Going line by line through the records below, write out everything starting with the line containing "A katolikus templomtól" and going on through the line containing "Una discusión de amigos", exactly and inclusively. Pictures do not go in.

* [DATA UNDER STUDY]

****

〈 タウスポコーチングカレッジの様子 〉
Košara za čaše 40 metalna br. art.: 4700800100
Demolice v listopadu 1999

****

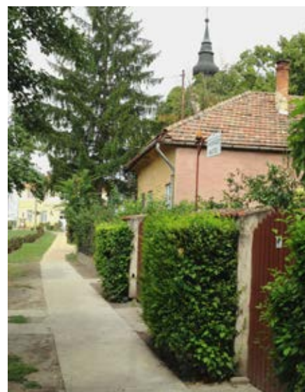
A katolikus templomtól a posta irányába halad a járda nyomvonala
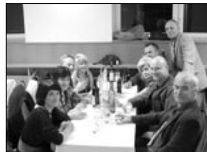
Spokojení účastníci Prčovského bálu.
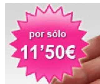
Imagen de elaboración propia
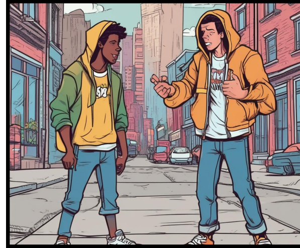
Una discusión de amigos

****

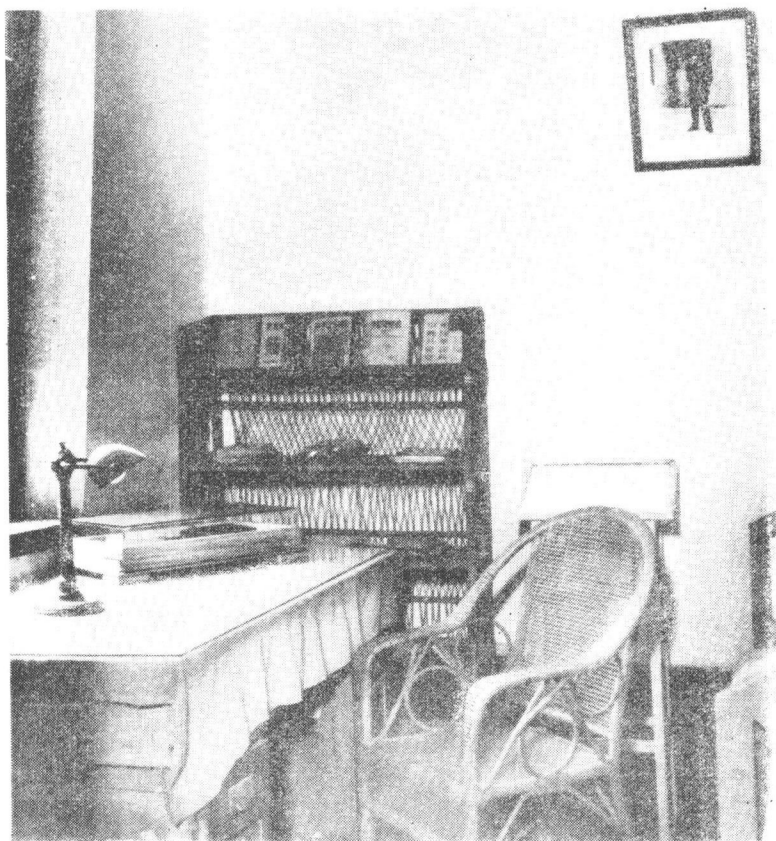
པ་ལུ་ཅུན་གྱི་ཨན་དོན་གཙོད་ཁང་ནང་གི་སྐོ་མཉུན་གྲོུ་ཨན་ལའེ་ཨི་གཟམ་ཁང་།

****

* [EXERCISE OUTPUT]
A katolikus templomtól a posta irányába halad a járda nyomvonala
Spokojení účastníci Prčovského bálu.
Imagen de elaboración propia
Una discusión de amigos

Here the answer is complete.